To second a previous reply to this, I would expect this will hold for humans as well.
On top of that, mathematically it is perfectly possible for some function to be easy to learn/compute, but the inverse to be hard. For instance, discrete exponentiation is easy to compute in all groups where multiplication is easy to compute, but the inverse function, the discrete logarithm, is hard enough to base cryptography on it, if one picks a suitable group representation (e.g. point groups of secure elliptic curves, or the group of invertible elements of a large safe prime field).

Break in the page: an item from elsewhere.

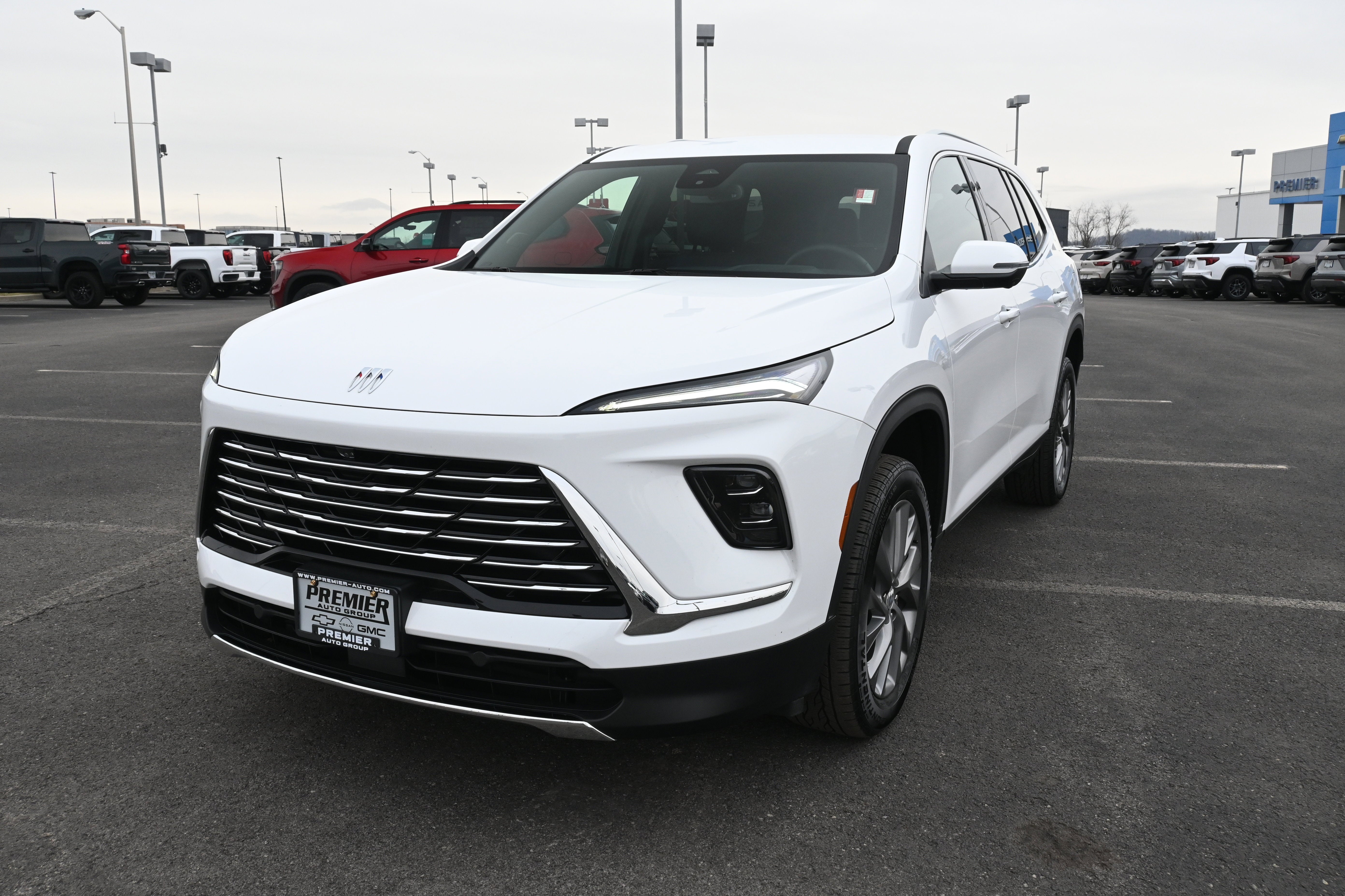 Front Mounting License Plate Bracket Package, Preferred Equipment Group 1SD, AWD, 12 Speakers, 3rd row seats: split-bench, 4-Wheel Disc Brakes, ABS brakes, Air Conditioning, Alloy wheels, AM/FM radio: SiriusXM with 360L, Auto High-beam Headlights, Auto-dimming door mirrors, Auto-dimming Rear-View mirror, Automatic temperature control, Bose Premium 12-Speaker Audio System, Brake assist, Bumpers: body-color, Compass, Delay-off headlights, Deleted OnStar Basics, Driver 4-Way Power Lumbar Seat Adjuster, Driver 8-Way Power Seat Adjuster, Driver door bin, Driver vanity mirror, Dual front impact airbags, Dual front side impact airbags, Electronic Stability Control, Emergency communication system: OnStar and Buick connected services capable, Four wheel independent suspension, Front anti-roll bar, Front Bucket Seats, Front Center Armrest, Front dual zone A/C, Front Passenger 4-Way Power Lumbar Seat Adjuster, Front Passenger 6-Way Power Seat Adjuster, Front reading lights, Fully automatic headlights, Heated door mirrors, Heated Driver and Front Passenger Seats, Heated front seats, Heated steering wheel, Illuminated entry, Leather steering wheel, Leatherette Seat Trim, Low tire pressure warning, Navigation System, Occupant sensing airbag, Outside temperature display, Overhead airbag, Overhead console, Panic alarm, Passenger door bin, Passenger vanity mirror, Power door mirrors, Power driver seat, Power Liftgate, Power passenger seat, Power steering, Power windows, Premium audio system: Buick Infotainment System, Radio data system, Radio: Infotainment Center, Rear air conditioning, Rear anti-roll bar, Rear reading lights, Rear side impact airbag, Rear window defroster, Rear window wiper, Remote keyless entry, Security system, SiriusXM with 360L Trial Subscription, Speed control, Speed-sensing steering, Spoiler, Steering wheel mounted audio controls, Tachometer, Telescoping steering wheel, Tilt steering wheel, Traction control, Trip computer, Turn signal indicator mirrors, Variably intermittent wipers, Voltmeter, Wheels: 20" Alloy with Medium Android Finish, Wireless Apple CarPlay, and Wireless Google Android Auto.

Similar examples exist with regards to function learnability for neural networks as well. A simple example of a function that is easy to learn for a neural network but which has a much more difficult to learn inverse is f(x1,x2,x3,...,xn) = (x1 xor x2, x2 xor x3, …, x_{n-1} xor x_{n} (for difficulty of learning this, one would assume learning from random samples, and with common multi-label loss functions; with suitable tricks, this does become learnable if the neural network can represent the inverse target function).
A final point that I would consider here is that it is possible that for the reverse questions in this task, a privacy protection mechanism kicks in that makes the LLM deny knowledge of the non-celebrity. It seems perfectly possible to me that GPT-4 is lying when it says it doesn’t know about <mother of celebrity>, because it has been instructed to lie about these things in order to protect the privacy of people not considered to be in the public eye.